[GIVEN RECORDS Boundary: Start]

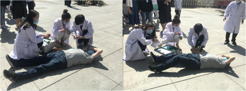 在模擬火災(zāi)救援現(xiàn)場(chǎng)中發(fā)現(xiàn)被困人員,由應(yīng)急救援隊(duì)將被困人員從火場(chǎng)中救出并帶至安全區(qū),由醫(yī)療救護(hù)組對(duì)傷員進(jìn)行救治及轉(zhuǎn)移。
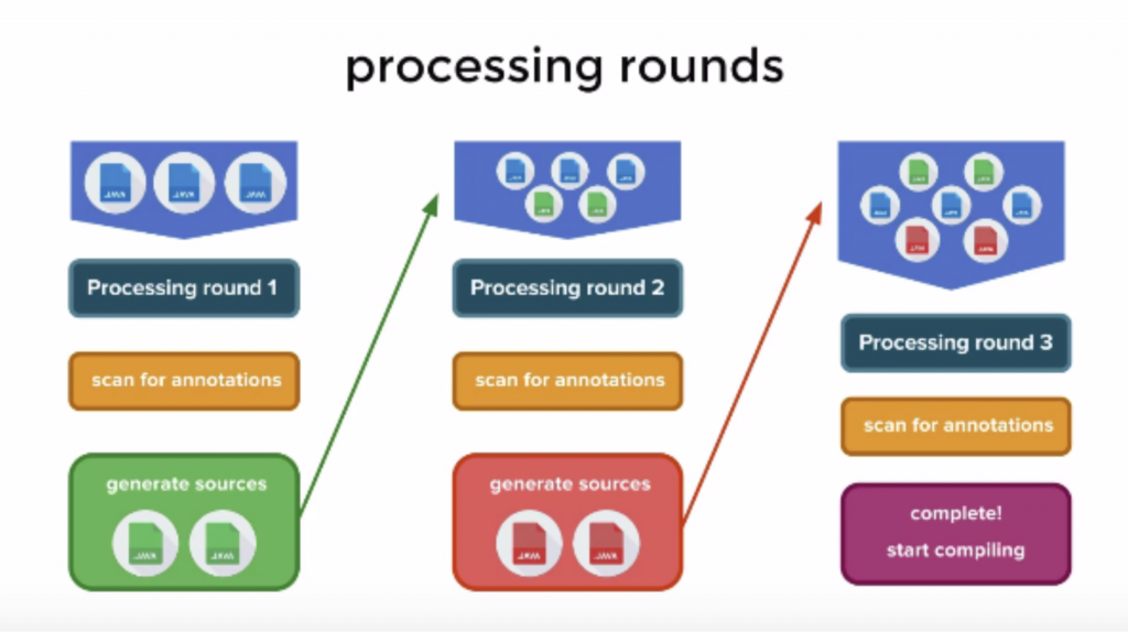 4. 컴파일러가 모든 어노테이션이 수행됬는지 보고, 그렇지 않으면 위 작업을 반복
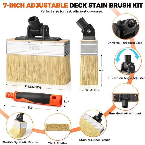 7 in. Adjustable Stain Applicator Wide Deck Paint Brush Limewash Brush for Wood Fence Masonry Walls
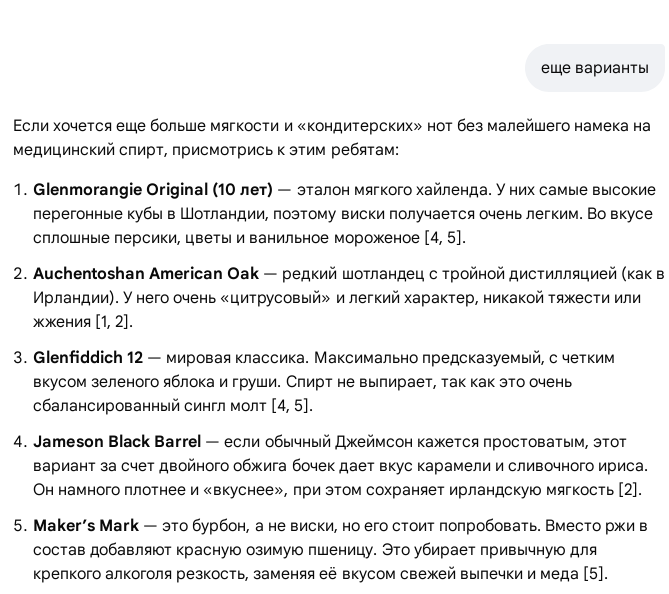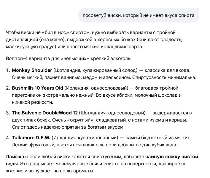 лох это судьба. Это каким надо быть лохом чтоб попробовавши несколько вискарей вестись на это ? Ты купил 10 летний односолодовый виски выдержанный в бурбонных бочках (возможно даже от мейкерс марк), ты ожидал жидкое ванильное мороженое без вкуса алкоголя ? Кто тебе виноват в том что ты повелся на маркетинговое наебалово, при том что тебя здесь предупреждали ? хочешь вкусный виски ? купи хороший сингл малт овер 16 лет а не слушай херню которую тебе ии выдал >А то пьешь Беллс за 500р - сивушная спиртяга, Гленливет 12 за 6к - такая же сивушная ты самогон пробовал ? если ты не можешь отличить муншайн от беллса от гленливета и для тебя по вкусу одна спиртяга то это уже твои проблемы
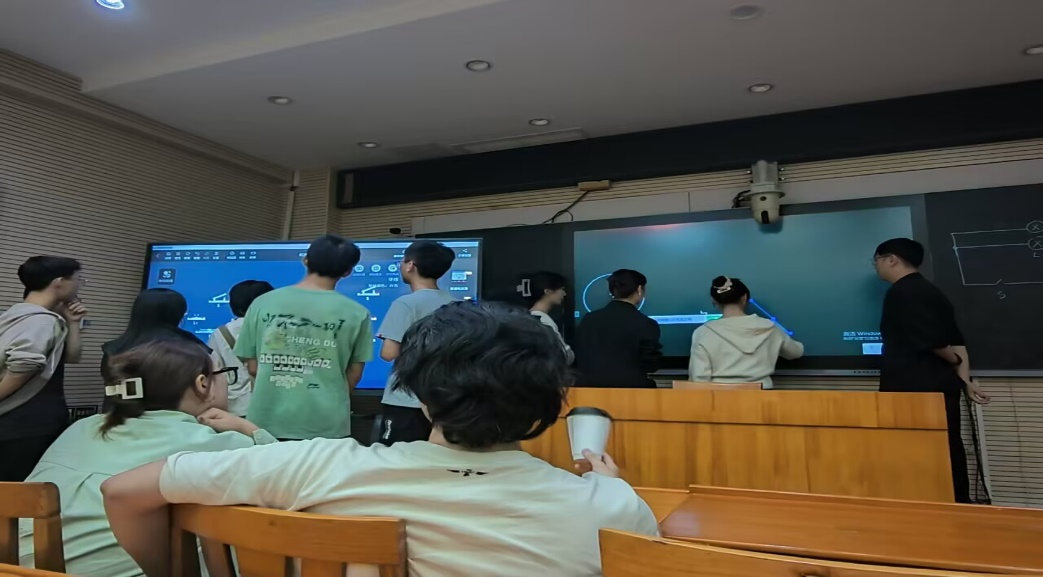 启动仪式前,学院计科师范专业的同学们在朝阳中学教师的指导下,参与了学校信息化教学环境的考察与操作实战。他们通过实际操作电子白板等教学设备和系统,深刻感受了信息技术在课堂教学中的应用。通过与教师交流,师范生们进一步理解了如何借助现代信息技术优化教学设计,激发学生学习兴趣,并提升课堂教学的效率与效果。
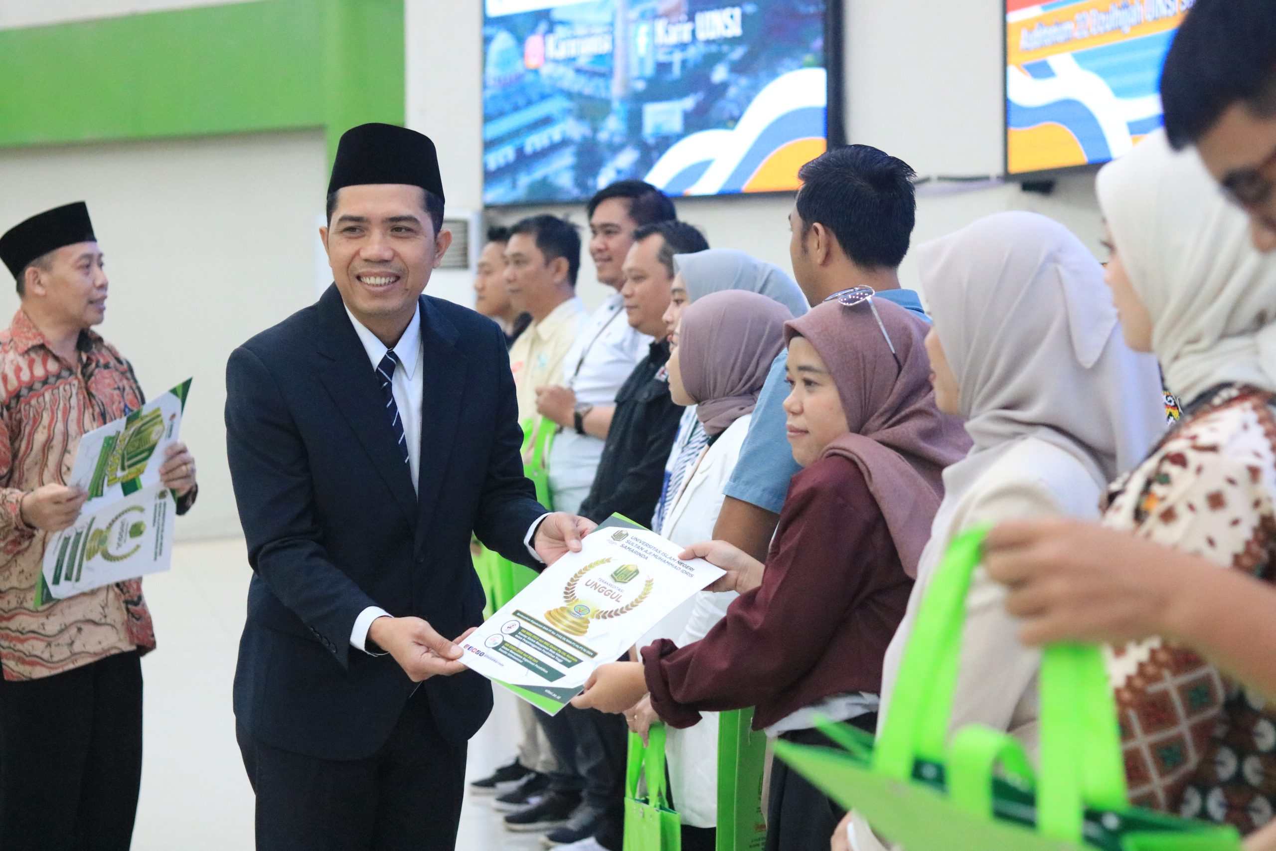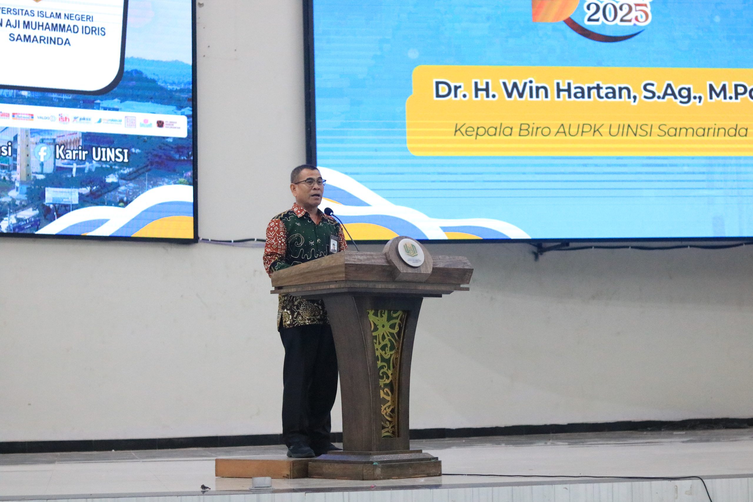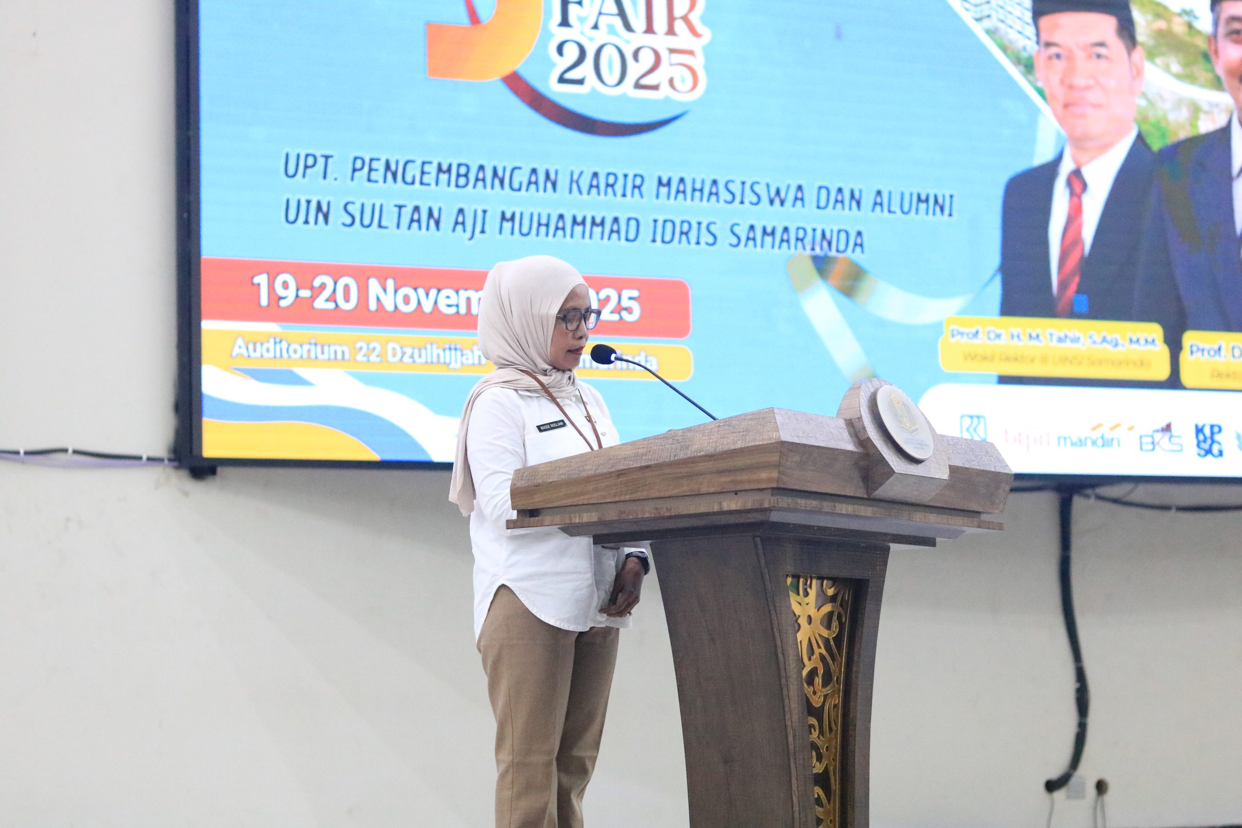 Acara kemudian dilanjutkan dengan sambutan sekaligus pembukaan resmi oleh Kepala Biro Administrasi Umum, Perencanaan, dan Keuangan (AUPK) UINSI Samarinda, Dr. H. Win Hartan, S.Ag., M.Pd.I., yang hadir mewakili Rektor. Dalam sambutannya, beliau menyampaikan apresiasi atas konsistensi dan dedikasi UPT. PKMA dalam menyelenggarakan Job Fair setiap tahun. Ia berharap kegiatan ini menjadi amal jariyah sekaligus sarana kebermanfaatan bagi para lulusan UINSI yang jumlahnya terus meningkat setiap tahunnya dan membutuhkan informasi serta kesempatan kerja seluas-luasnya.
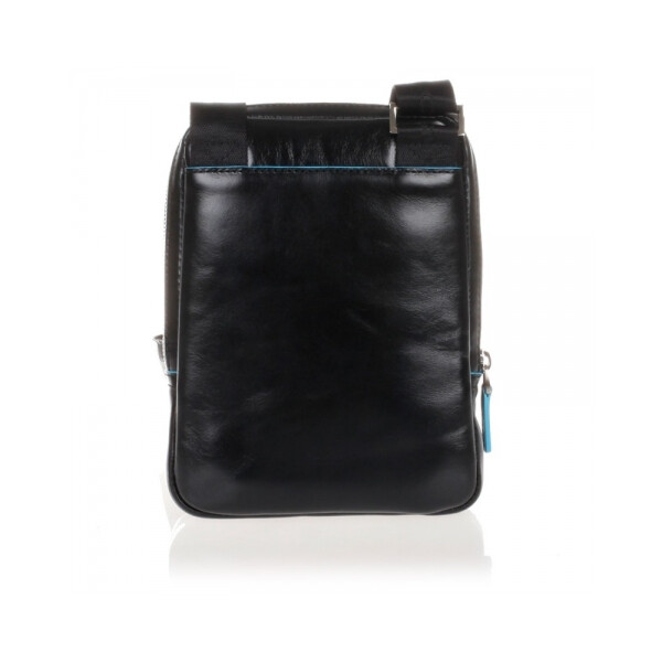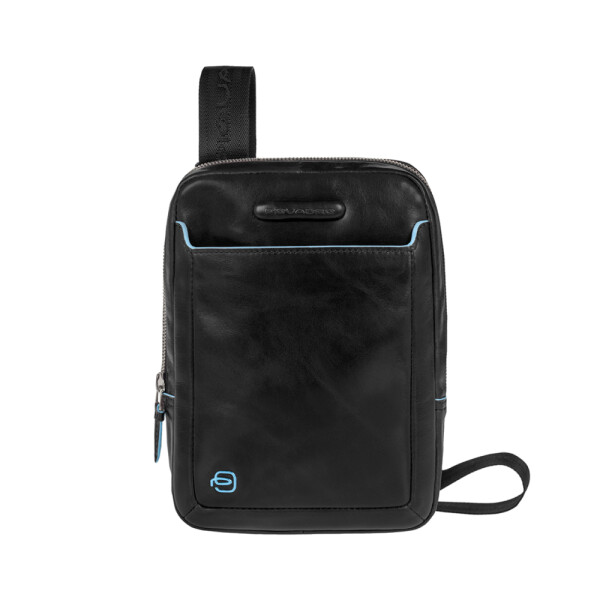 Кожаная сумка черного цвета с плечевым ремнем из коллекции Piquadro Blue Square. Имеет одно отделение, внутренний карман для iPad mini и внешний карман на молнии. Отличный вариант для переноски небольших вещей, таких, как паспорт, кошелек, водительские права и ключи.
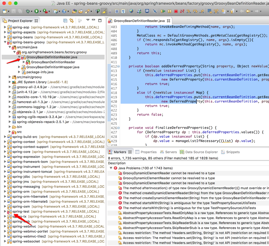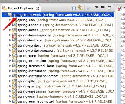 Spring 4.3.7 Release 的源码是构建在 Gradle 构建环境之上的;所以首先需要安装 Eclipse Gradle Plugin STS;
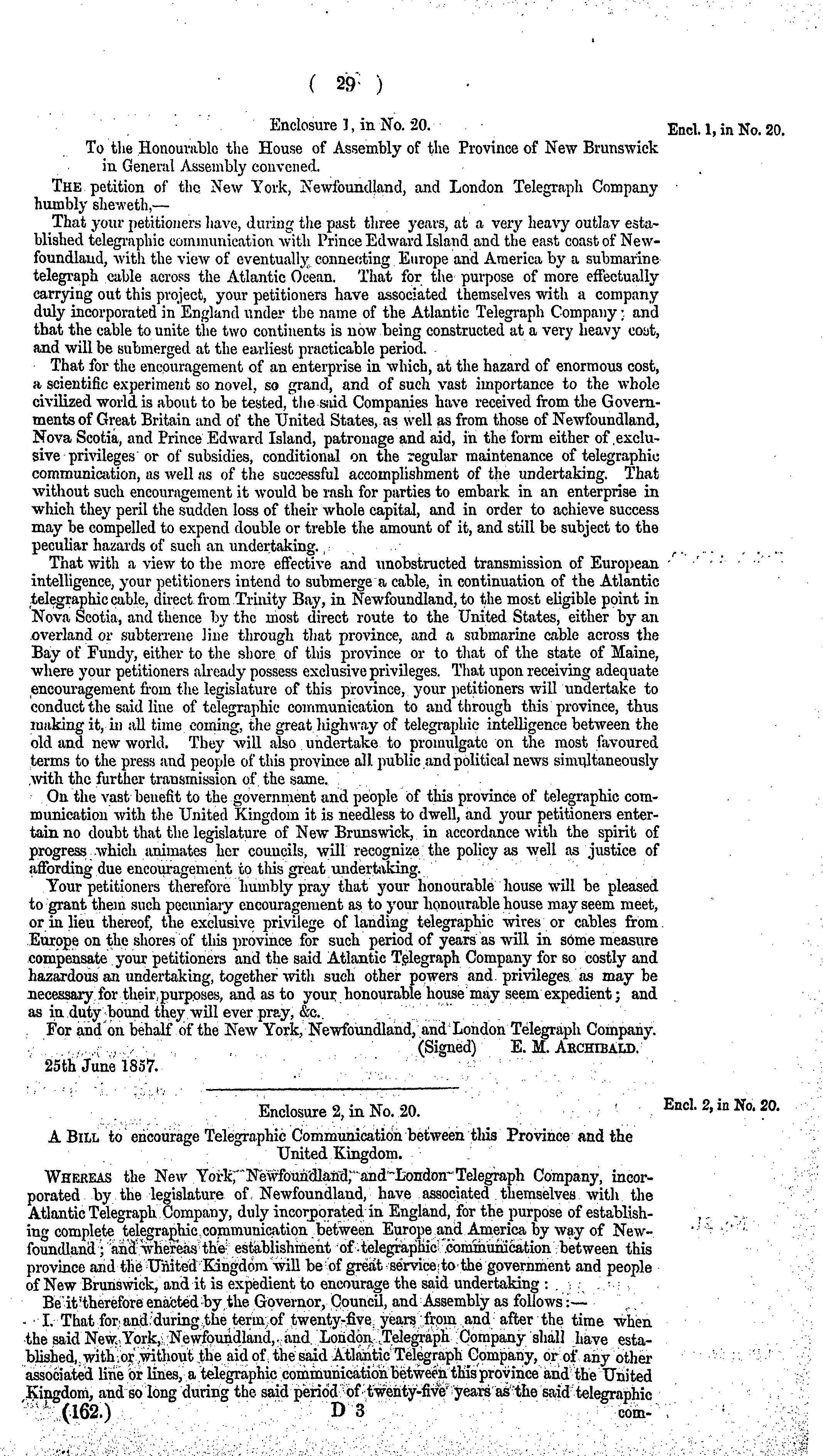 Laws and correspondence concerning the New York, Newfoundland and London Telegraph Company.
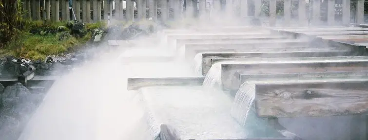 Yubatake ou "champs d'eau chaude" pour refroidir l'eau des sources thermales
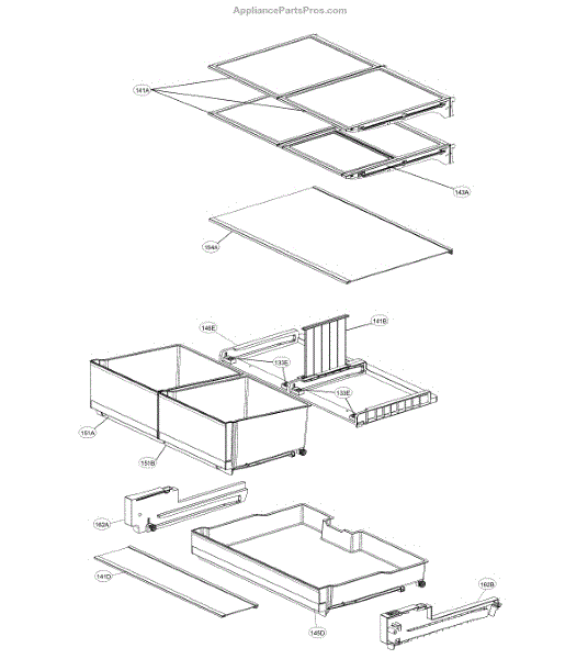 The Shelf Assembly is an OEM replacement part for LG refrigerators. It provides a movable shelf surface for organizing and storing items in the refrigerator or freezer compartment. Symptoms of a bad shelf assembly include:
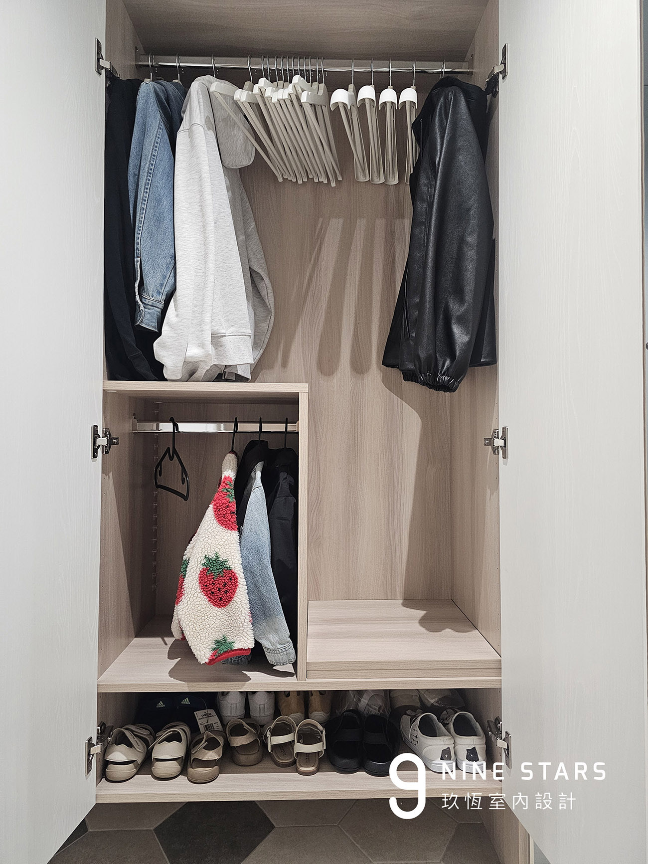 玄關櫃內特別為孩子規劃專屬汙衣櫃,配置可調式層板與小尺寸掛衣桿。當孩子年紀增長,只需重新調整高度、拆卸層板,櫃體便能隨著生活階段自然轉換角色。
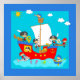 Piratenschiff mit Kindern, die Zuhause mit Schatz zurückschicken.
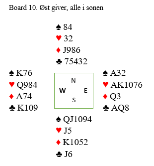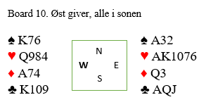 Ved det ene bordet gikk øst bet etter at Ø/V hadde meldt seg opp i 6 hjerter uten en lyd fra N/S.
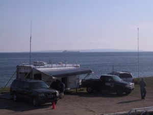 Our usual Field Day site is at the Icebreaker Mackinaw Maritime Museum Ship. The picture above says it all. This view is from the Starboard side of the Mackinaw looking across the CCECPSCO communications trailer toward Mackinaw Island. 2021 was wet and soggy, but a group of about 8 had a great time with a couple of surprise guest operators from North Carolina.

[GIVEN RECORDS Boundary: End]

(ACTIVITY) The lines above from the line with "des sources thermales" through the line with "Ved det ene" are to be given again word for word, with no pictures among them.

(ANSWER SPACE)
 Yubatake ou "champs d'eau chaude" pour refroidir l'eau des sources thermales
 The Shelf Assembly is an OEM replacement part for LG refrigerators. It provides a movable shelf surface for organizing and storing items in the refrigerator or freezer compartment. Symptoms of a bad shelf assembly include:
 玄關櫃內特別為孩子規劃專屬汙衣櫃,配置可調式層板與小尺寸掛衣桿。當孩子年紀增長,只需重新調整高度、拆卸層板,櫃體便能隨著生活階段自然轉換角色。
 Piratenschiff mit Kindern, die Zuhause mit Schatz zurückschicken.
 Ved det ene bordet gikk øst bet etter at Ø/V hadde meldt seg opp i 6 hjerter uten en lyd fra N/S.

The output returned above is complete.